- _Problem_
From the first line of the listing below, retype each line up to and including the one with "- We recommend"; pictures stay out.

(Data to process)

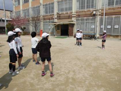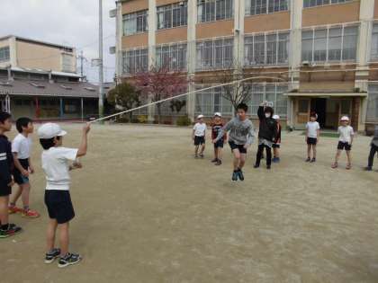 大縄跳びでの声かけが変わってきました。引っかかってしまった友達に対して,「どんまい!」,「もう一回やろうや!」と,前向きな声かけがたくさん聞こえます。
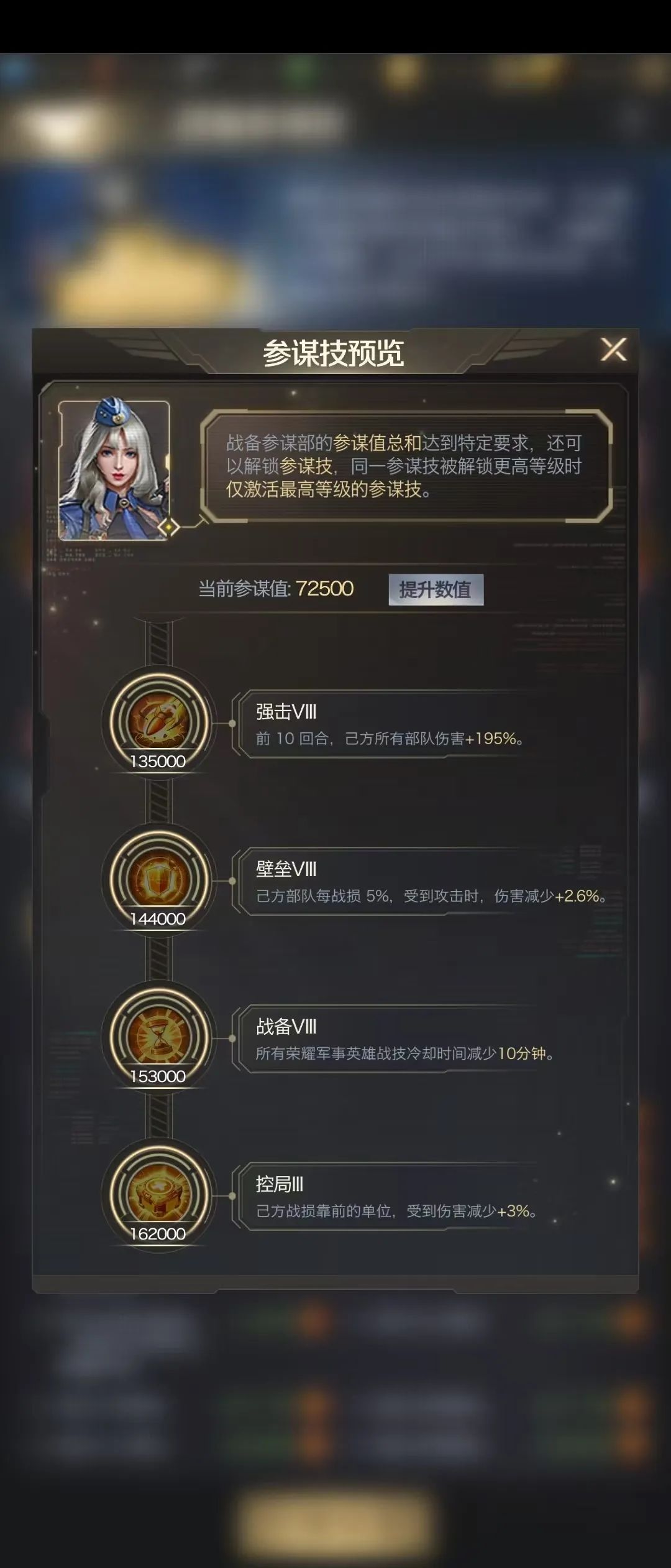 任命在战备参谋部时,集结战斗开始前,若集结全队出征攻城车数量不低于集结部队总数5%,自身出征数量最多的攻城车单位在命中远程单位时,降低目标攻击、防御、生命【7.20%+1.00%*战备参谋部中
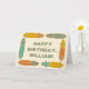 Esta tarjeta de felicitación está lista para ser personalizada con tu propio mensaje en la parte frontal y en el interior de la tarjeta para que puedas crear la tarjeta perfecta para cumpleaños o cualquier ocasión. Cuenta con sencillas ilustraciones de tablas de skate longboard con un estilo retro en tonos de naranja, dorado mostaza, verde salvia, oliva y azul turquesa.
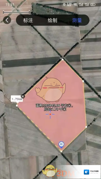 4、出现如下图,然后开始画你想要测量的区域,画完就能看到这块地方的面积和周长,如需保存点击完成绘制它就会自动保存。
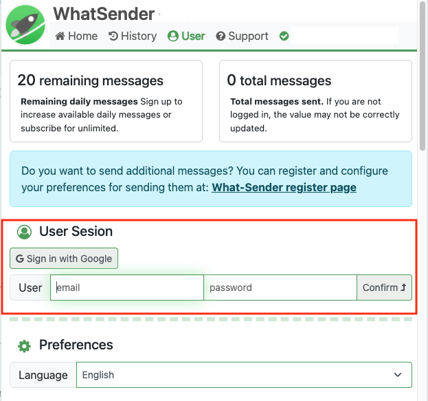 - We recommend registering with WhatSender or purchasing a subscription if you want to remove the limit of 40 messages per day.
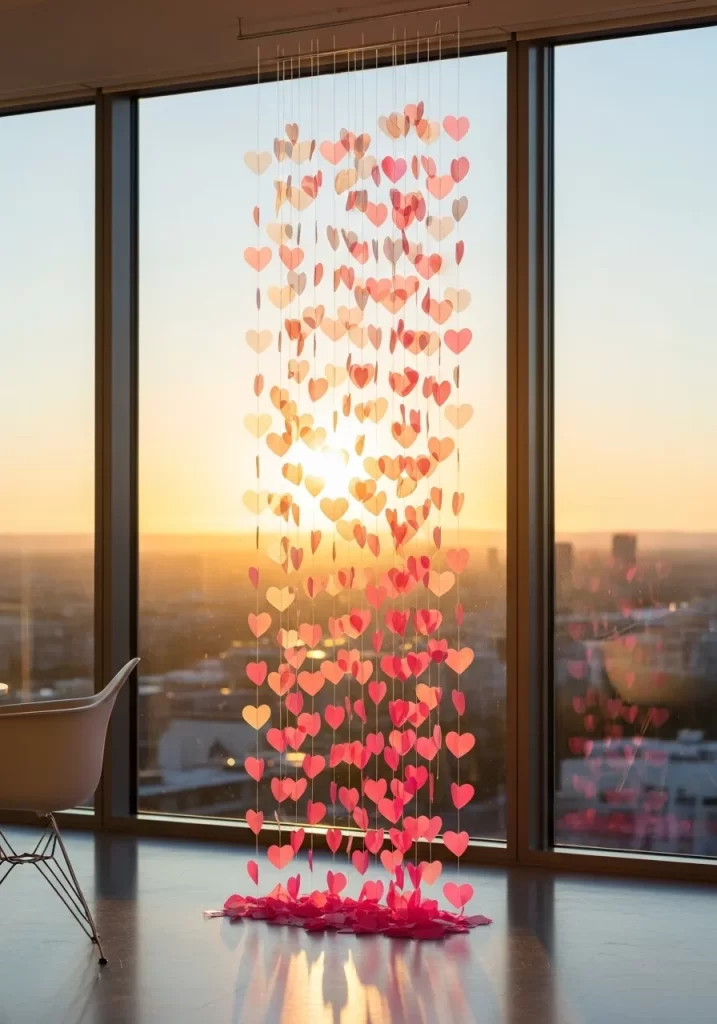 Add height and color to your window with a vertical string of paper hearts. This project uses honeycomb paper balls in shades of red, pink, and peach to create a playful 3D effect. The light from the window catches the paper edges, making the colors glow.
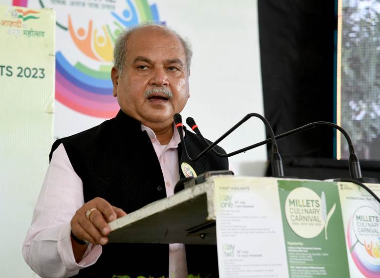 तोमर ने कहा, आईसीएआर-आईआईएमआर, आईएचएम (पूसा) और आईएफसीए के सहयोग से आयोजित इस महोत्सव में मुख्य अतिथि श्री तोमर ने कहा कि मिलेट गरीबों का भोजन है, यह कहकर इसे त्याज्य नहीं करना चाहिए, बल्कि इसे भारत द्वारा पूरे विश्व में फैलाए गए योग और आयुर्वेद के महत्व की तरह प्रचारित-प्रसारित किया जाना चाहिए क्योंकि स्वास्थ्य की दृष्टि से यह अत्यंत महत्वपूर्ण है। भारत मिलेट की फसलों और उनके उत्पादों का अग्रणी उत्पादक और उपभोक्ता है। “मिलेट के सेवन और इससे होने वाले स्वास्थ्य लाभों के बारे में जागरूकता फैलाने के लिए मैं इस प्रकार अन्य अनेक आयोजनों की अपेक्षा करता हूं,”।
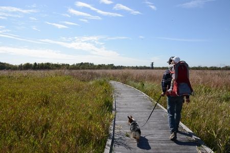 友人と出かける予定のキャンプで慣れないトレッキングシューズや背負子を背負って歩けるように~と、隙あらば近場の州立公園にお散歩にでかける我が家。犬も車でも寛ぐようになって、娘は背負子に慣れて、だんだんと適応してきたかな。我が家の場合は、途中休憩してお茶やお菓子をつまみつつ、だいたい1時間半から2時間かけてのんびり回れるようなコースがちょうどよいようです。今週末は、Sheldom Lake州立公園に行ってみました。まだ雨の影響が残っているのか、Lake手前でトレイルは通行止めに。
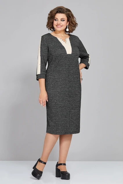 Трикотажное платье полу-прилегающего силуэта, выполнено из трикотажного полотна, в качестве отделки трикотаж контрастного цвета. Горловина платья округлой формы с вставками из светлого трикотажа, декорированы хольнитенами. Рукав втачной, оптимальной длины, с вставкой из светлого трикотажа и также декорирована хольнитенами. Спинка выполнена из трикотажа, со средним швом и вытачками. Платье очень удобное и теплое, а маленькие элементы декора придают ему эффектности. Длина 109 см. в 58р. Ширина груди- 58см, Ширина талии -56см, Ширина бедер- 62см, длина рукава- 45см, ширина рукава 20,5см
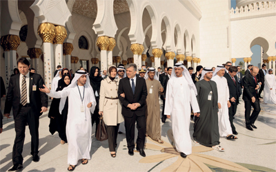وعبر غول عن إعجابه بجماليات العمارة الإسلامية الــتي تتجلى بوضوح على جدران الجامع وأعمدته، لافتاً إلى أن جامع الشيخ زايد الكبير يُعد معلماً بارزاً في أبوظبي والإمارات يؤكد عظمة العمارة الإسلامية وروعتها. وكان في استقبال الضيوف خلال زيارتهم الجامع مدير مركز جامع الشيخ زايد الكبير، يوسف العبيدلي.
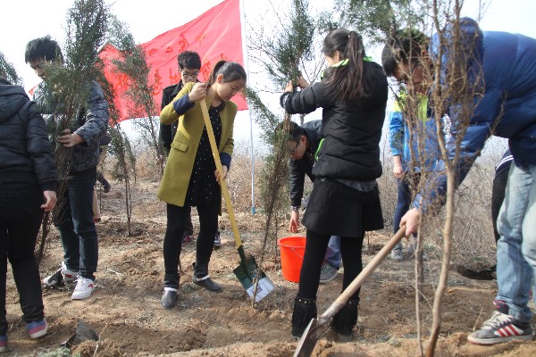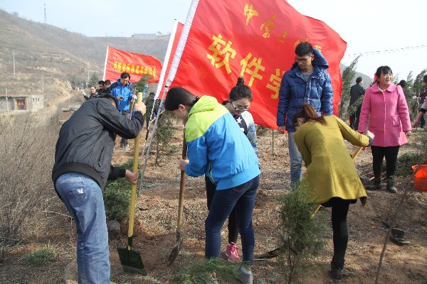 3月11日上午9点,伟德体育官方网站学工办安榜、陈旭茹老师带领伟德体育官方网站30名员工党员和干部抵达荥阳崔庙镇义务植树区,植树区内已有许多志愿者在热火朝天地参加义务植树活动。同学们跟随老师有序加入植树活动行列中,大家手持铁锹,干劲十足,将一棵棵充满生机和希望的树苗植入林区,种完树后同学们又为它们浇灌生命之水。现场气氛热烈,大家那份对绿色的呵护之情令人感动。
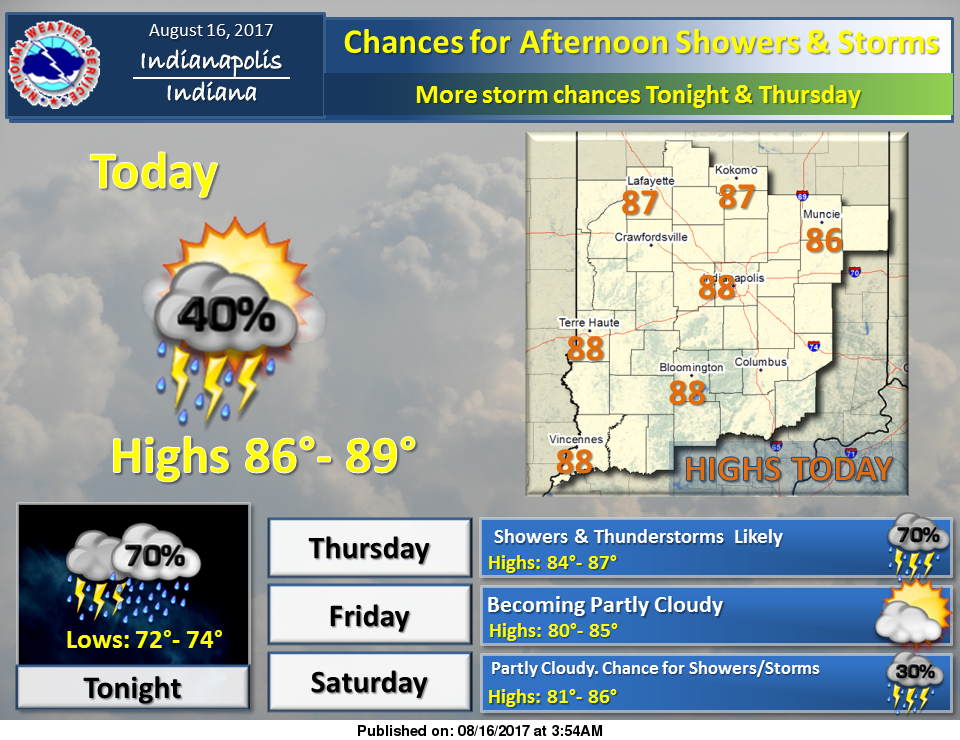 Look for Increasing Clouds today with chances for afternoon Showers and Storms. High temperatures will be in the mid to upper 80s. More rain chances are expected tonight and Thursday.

(End Data to process)

- _Result_
 大縄跳びでの声かけが変わってきました。引っかかってしまった友達に対して,「どんまい!」,「もう一回やろうや!」と,前向きな声かけがたくさん聞こえます。
 任命在战备参谋部时,集结战斗开始前,若集结全队出征攻城车数量不低于集结部队总数5%,自身出征数量最多的攻城车单位在命中远程单位时,降低目标攻击、防御、生命【7.20%+1.00%*战备参谋部中
 Esta tarjeta de felicitación está lista para ser personalizada con tu propio mensaje en la parte frontal y en el interior de la tarjeta para que puedas crear la tarjeta perfecta para cumpleaños o cualquier ocasión. Cuenta con sencillas ilustraciones de tablas de skate longboard con un estilo retro en tonos de naranja, dorado mostaza, verde salvia, oliva y azul turquesa.
 4、出现如下图,然后开始画你想要测量的区域,画完就能看到这块地方的面积和周长,如需保存点击完成绘制它就会自动保存。
 - We recommend registering with WhatSender or purchasing a subscription if you want to remove the limit of 40 messages per day.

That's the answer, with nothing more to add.